Moving from cross-collection integration to explorations of Linked Data practices in the library of antiquity at the Royal Museums of Art and history, Brussels

Ellen Van Keer

Introduction

The Royal Museums of Art and History rank among the largest cultural heritage research institutes in Belgium. Thousands of artifacts and historical objects from around the globe, dating from prehistoric to modern times, are on display in the galleries or kept in the storerooms.1 In addition, the library keeps thousands of journal articles, books and other scholarly publications regarding the museum's collections. In the current infrastructure, the museum and library databases are two separate systems. However, the materials they contain overlap not only on thematic level (e.g. "ancient Egypt") but also on entity level (e.g. entries on objects in exhibition catalogs). As part of the project "Bridging Knowledge Collections" we will create a cross-domain integration.2

As a first objective, we will make the two datasets cross searchable in a single online user interface, a major challenge because the museum and library sectors traditionally use totally different sets of standards (Prescott & Erway 2011). As a second objective, following the demands of the curators, we are researching a workflow that will link objects and documents on record level and support the input of object bibliography in the museum database. To avoid the manual creation of duplicate datasets, we will reuse existing bibliographic information from the library catalog in the museum database and link back to the full references by adding a system identifier. We will not use the library's internal database primary keys as identifiers, but instead, we will be using the permalinks produced on the library OPAC, because they are open to everyone and allow a direct hyperlinked access from within the museum database to the on-line library application and its range of functionalities and user-services.

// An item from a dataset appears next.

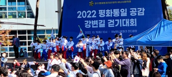 이현재 하남시장은 "통일은 안보의식의 바탕에서 평화통일이 시간이 온다 공감 걷기대회를 통해 국가안보와 평화를 기원하는 뜻깊은 시간이 되시길 바란다”고 말했다.

Furthermore, we are considering a Linked Data implementation. As the museum system also generates permalinks for our objects, machine actionable links to identify both citing publications and cited artifacts are already in place. Moreover, we are not (yet) producing our own RDF, but we can rely on our partnership in the larger-scaled Europeana community for initiatives in this direction. Last year, Europeana published its API and released 20 million objects from its providers as RDF dump under open licenses (CC0), including our entire collection of Egyptian objects.3 What actually happened is that we exported our SPECTRUM compliant museum data as LIDO XML and mapped this to ESE, the earliest Europeana datamodel, which was Dublin Core based.4 ESE is currently being replaced by the RDF based EDM, and Europeana has also transformed the content ingested in the older format into this new model now.5 As a result of this procedure the resulting RDF remains rather crude and lacks contextualization links to other sources. However, in newer Europeana projects, we are directly transforming our LIDO export to EDM and a semantic layer is being implemented in the ingestion process.6

Important for our present purpose, is that the core semantic layer of EDM includes the “related works” element:

This is an adequate predicate for linking cited resources from the museum database to citing resources in the library system - and thus produce RDF triples. At least, that’s the general idea. There are of course practical obstacles.

Museum Linked Data

On the museum side, we will have to make additions to our LIDO XML export, as this remains currently our basis for all further mappings, also to EDM. More particularly, we want to add a new relatedWorksWrap to the LIDO,7 and map this element to <IsReferencedBy> in the ESE/EDM transformation. Unfortunately, we depend on (resources for) the museum system vendor making any changes to our export. Also in this regard, linking to bibliographic records with permalinks is more efficient than describing publications at the lower levels of author, title, year, etc. A new LIDO event type for "Publication" is a complex element and requires more modifications. However, in the Europeana context, tools are being developed for giving content providers more control over their application data export in the future.8

As a side note here, but essential for the adoption of Linked Data, we would also want to improve the “permalinks” for the objects the museum system produces, e.g.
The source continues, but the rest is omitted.